"As Justice Harlan observed over a century ago, ‘our Constitution is colorblind and neither knows nor tolerates classes among citizens.’ . . . The people of Michigan wish the same for their governing charter. It would be shameful for us to stand in their way.”
That’s how Justice Antonin Scalia concluded his opinion last week in Schuette v. Coalition to Defend Affirmative Action. The quotation comes from the famous, solitary dissent by Justice John Marshall Harlan in the 1896 case of Plessy v. Ferguson, which sustained a Louisiana statute requiring racial segregation on passenger trains.
The Court has never held (as Harlan would have in Plessy) that the U.S. Constitution is “colorblind.” But in Schuette it refused to nullify Michigan voters’ decision to make their state’s governing charter color-blind by approving Proposal 2 in 2006. That is the welcome, essential point of Schuette.
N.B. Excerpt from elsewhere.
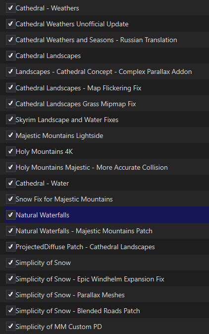В общем, всё excited. Если вы тупой как я, то ограничьтесь одним Skyland Alo и какими-нибудь erm горами, ибо они имеют лоды для диндолода. Ща, попробую прогнать. Снег под крышей хорошо убирается сосом, без него есть кривоватый NSUtR, но да хер с ним.
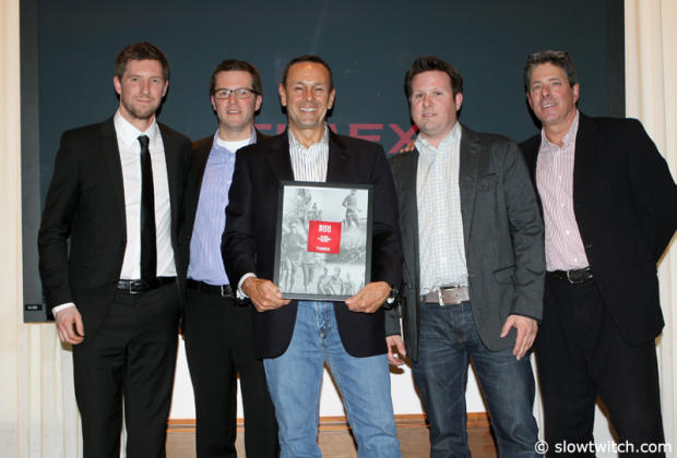 Peter Hurley and Mac McEneaney accept the Timex Game Changer award for the Quintana Roo bike brand from Tom Schuler, Tristan Brown and Keith Meyer.

Proposal 2 was a response to the Michigan affirmative action cases decided in 2003, in which the Court constrained but did not eliminate the use of race in college admissions. Proposal 2 states that Michigan and its agencies “shall not discriminate against, or grant preferential treatment to, any individual or group on the basis of race, sex, color, ethnicity, or national origin in the operation of public employment, public education, and public contracting.” Note that the amendment applies broadly, beyond education, to public employment and contracting.
A group defending race-based affirmative action challenged the law, losing in the district court but winning on appeal in the Sixth Circuit by a vote of 8-to-7. Invoking Supreme Court precedents of dubious force, the appeals court said that Proposal 2 violated the Fourteenth Amendment’s equal protection clause by reordering the political process in a way that places “special burdens” on minority interests.
Now the Supreme Court has deemed otherwise, in a ruling that generated five opinions. Justice Anthony Kennedy, author of the lead opinion joined by Chief Justice John Roberts and Justice Samuel Alito, wrote that the Sixth Circuit’s reading of the precedents “must be rejected” since it “would contradict central equal protection principles”—by indulging the use of “impermissible racial stereotypes,” such as that members of the same racial group think alike and share the same political and legislative interests. Justice Scalia would have overruled the precedents, which he declared “patently atextual, unadministrable, and contrary to this Court’s traditional equal-protection jurisprudence.”
Justice Sonia Sotomayor basically agreed with the Sixth Circuit in a lengthy dissent. The majority of Michigan voters, she wrote, had reconfigured “the existing political process . . . in a manner that burdened racial minorities,” such that supporters of race-preferential admissions (she calls them “racially sensitive” admissions) must amend the state constitution to overturn Proposal 2 before they can, in accord with “long established process,” lobby admissions directors and university trustees. But with Justice Elena Kagan recused, presumably because she worked on Schuette when she was solicitor general, only one other justice, Ruth Bader Ginsburg, joined Sotomayor’s opinion, which actually accused the Proposal 2 majority of racial discrimination.
Kennedy’s bottom line—that nothing in the Constitution or the Court’s precedents empowers the judiciary to remove from Michigan voters the ability to decide whether to continue racial preferences—won the agreement of Justice Scalia in a concurring opinion joined by Justice Clarence Thomas. And Justice Stephen Breyer, who also voted to uphold Proposal 2, wrote separately, observing that “the Constitution foresees the ballot box, not the courts, as the normal instrument for resolving differences and debates” about the merits of “race-conscious programs.”
Thus, the final tally was 6-to-2. And it would be a mistake to think that Schuette is narrow in its reach. For while the justices’ opinions emphasized admissions in higher education, only Justice Breyer explicitly limited his opinion to such admissions. For the other five justices in the majority, the ruling in Schuette would apply to the entirety of Proposal 2, including its provisions on employment and contracting.
It is useful to ponder what would be happening now had a majority of justices reached the opposite conclusion and ruled against Michigan voters. For one thing, groups would be filing lawsuits against the seven states whose voters have passed colorblind laws similar to Michigan’s. And for another, Michigan state officials would again be defining and sorting people into racial categories for the purpose of granting, as Justice Kennedy puts it, “favored status to persons in some racial categories and not others.”
Plessy was decided in the decade when Jim Crow was beginning its strange career. For Justice Harlan, the colorblind Constitution condemned legally enforced segregation. Today, colorblind law opposes government efforts to “divvy us up by race,” as the chief justice has put it, and to prefer some citizens of certain races over others of different races in allocating limited opportunities, such as seats in classes at an elite state university or government contracts for which companies must compete.
In Schuette, the Court doesn’t take sides on colorblind law. But it also doesn’t deny the voters of Michigan or any other state the ability to choose colorblind law. It declines to stand in their way.